-- PROVIDED DATA follows --

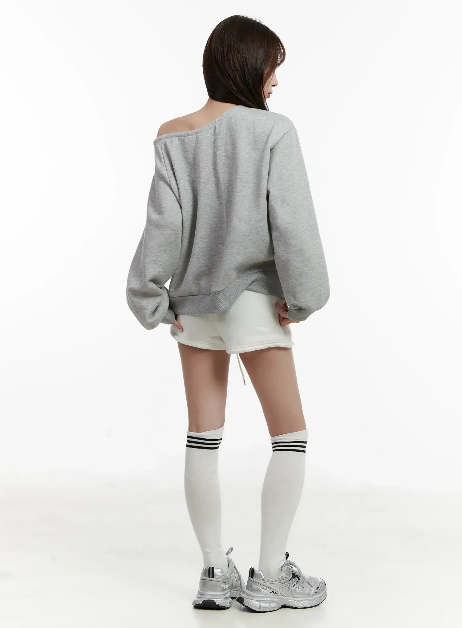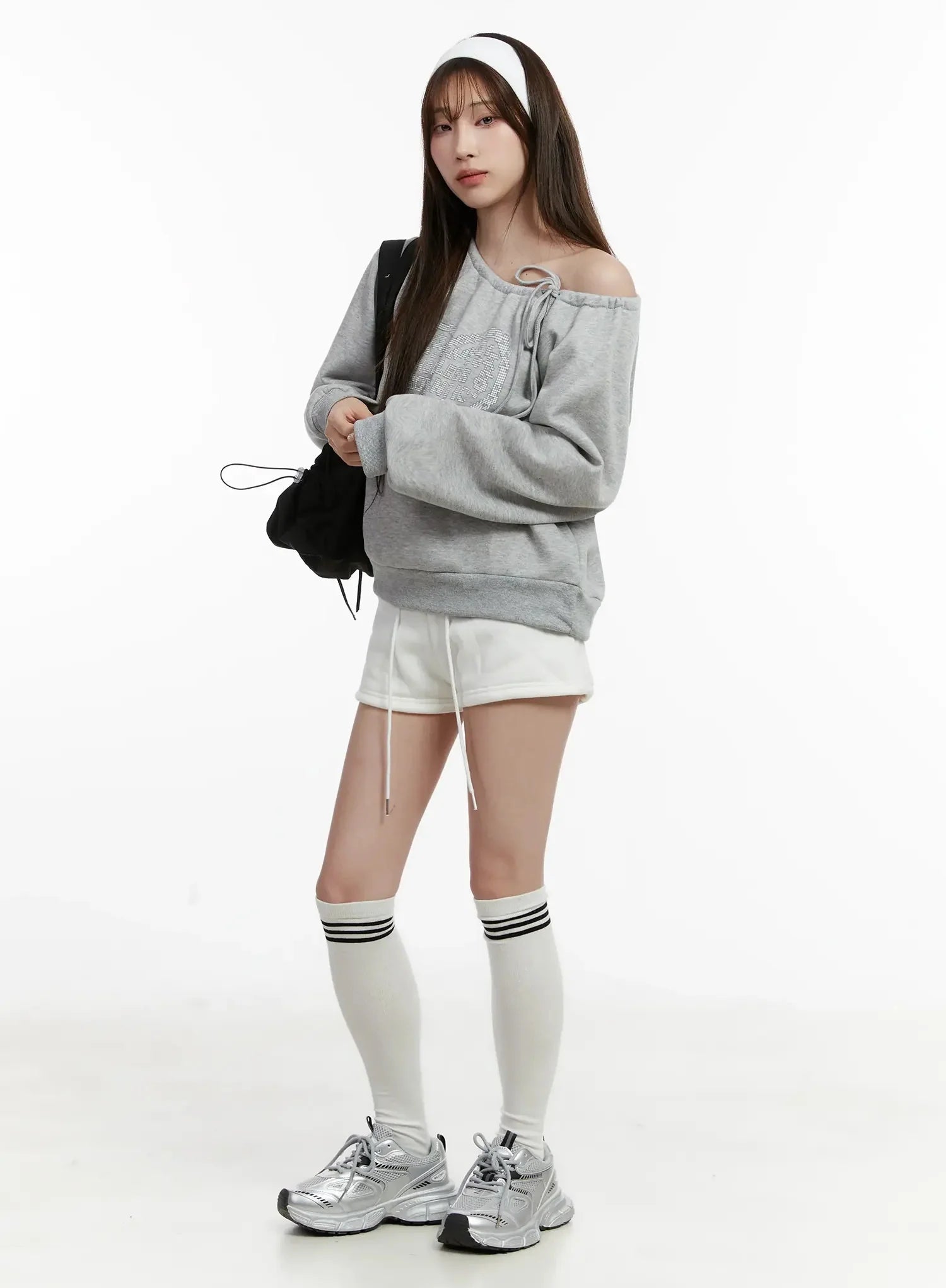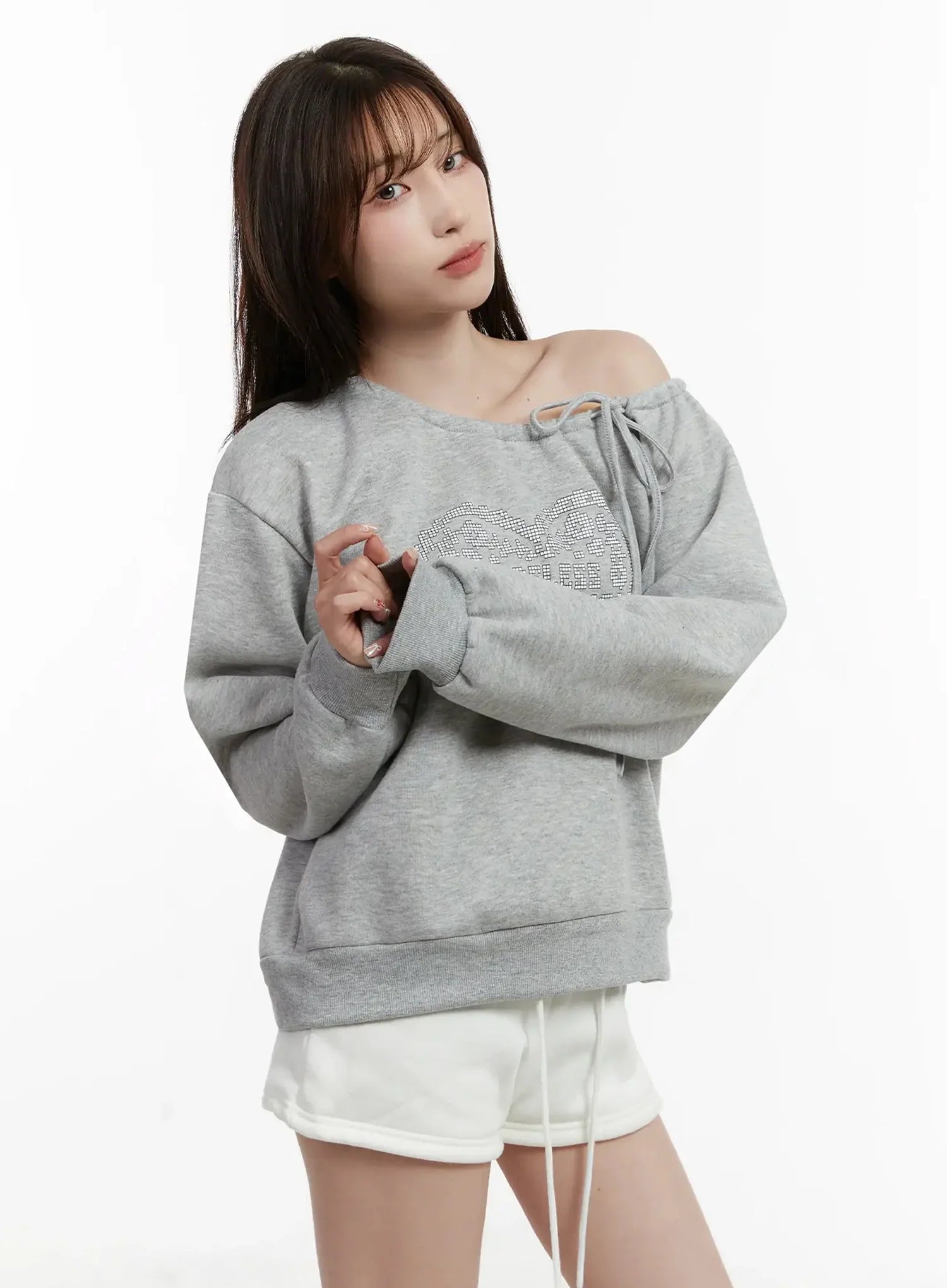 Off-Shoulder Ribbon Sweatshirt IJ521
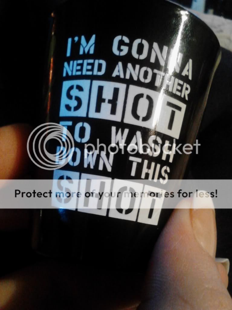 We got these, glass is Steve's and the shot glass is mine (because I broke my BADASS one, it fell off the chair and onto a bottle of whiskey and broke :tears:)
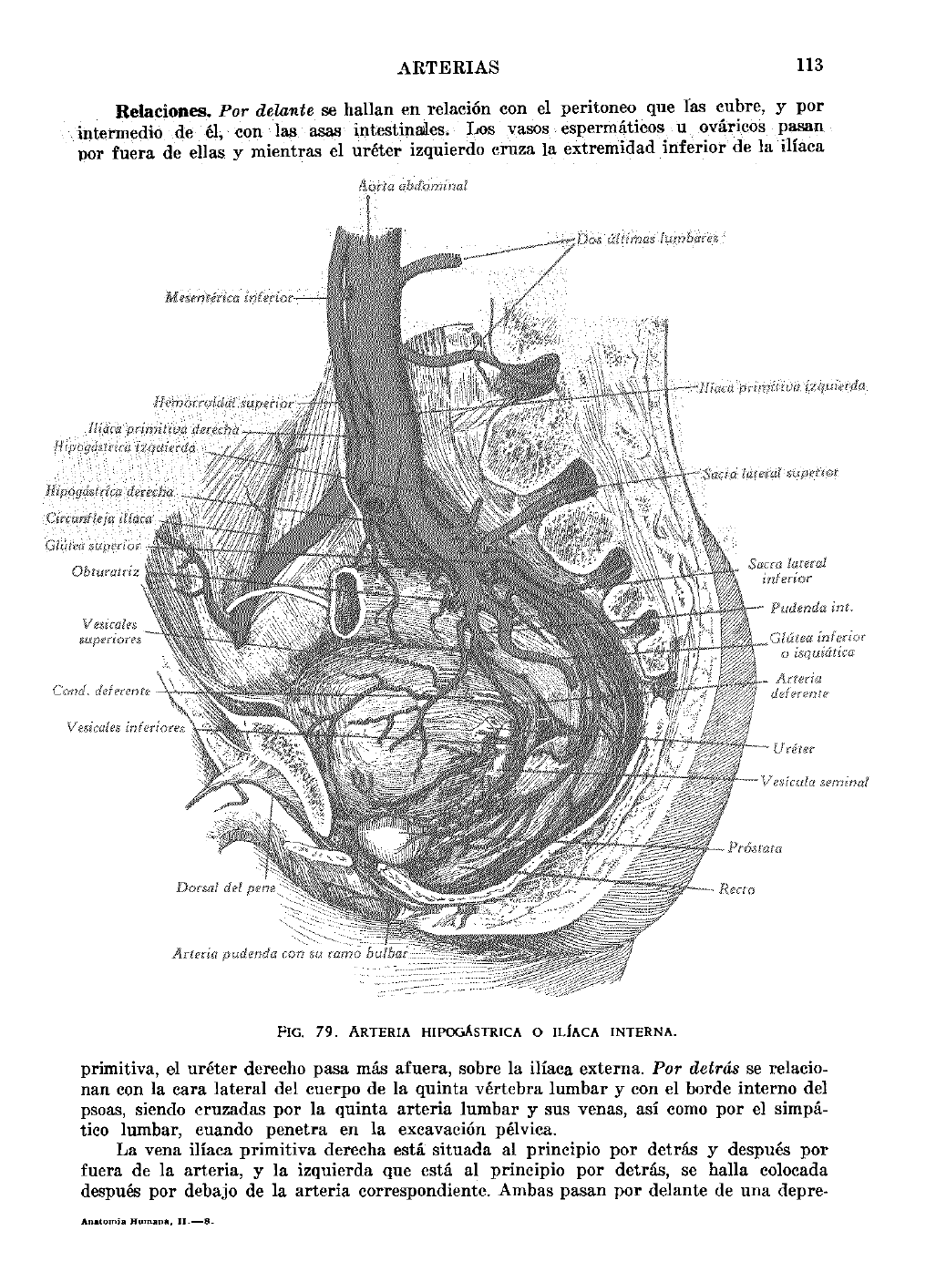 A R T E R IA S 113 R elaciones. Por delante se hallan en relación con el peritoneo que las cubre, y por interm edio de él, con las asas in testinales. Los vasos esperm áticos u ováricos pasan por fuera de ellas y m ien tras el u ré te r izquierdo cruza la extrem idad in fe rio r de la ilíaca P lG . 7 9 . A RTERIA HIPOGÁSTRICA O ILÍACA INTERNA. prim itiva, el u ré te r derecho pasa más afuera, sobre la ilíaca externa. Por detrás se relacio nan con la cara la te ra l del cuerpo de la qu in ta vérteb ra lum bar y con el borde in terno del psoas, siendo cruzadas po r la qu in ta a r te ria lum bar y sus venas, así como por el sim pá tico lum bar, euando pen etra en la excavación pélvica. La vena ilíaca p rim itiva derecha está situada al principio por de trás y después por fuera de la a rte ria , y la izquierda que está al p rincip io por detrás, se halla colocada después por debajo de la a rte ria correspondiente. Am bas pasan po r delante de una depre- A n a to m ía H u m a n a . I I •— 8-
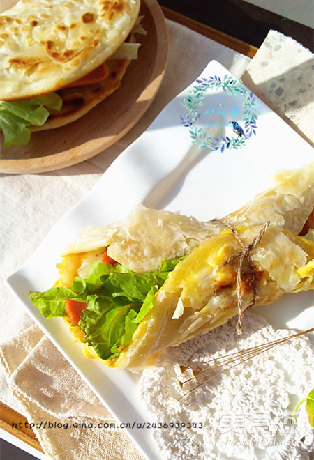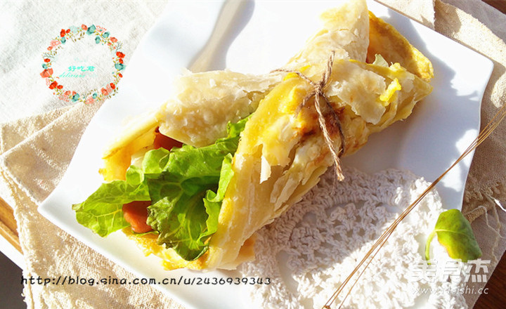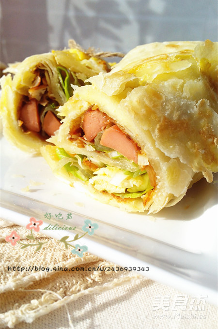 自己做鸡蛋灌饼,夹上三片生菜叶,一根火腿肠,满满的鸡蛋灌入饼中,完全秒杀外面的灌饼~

-- PROVIDED DATA concluded --

=== EXERCISE PROMPT ===
Every line of the data above should be repeated exactly. Omit the pictures.

=== SOLVED EXERCISE ===
 Off-Shoulder Ribbon Sweatshirt IJ521
 We got these, glass is Steve's and the shot glass is mine (because I broke my BADASS one, it fell off the chair and onto a bottle of whiskey and broke :tears:)
 A R T E R IA S 113 R elaciones. Por delante se hallan en relación con el peritoneo que las cubre, y por interm edio de él, con las asas in testinales. Los vasos esperm áticos u ováricos pasan por fuera de ellas y m ien tras el u ré te r izquierdo cruza la extrem idad in fe rio r de la ilíaca P lG . 7 9 . A RTERIA HIPOGÁSTRICA O ILÍACA INTERNA. prim itiva, el u ré te r derecho pasa más afuera, sobre la ilíaca externa. Por detrás se relacio nan con la cara la te ra l del cuerpo de la qu in ta vérteb ra lum bar y con el borde in terno del psoas, siendo cruzadas po r la qu in ta a r te ria lum bar y sus venas, así como por el sim pá tico lum bar, euando pen etra en la excavación pélvica. La vena ilíaca p rim itiva derecha está situada al principio por de trás y después por fuera de la a rte ria , y la izquierda que está al p rincip io por detrás, se halla colocada después por debajo de la a rte ria correspondiente. Am bas pasan po r delante de una depre- A n a to m ía H u m a n a . I I •— 8-
 自己做鸡蛋灌饼,夹上三片生菜叶,一根火腿肠,满满的鸡蛋灌入饼中,完全秒杀外面的灌饼~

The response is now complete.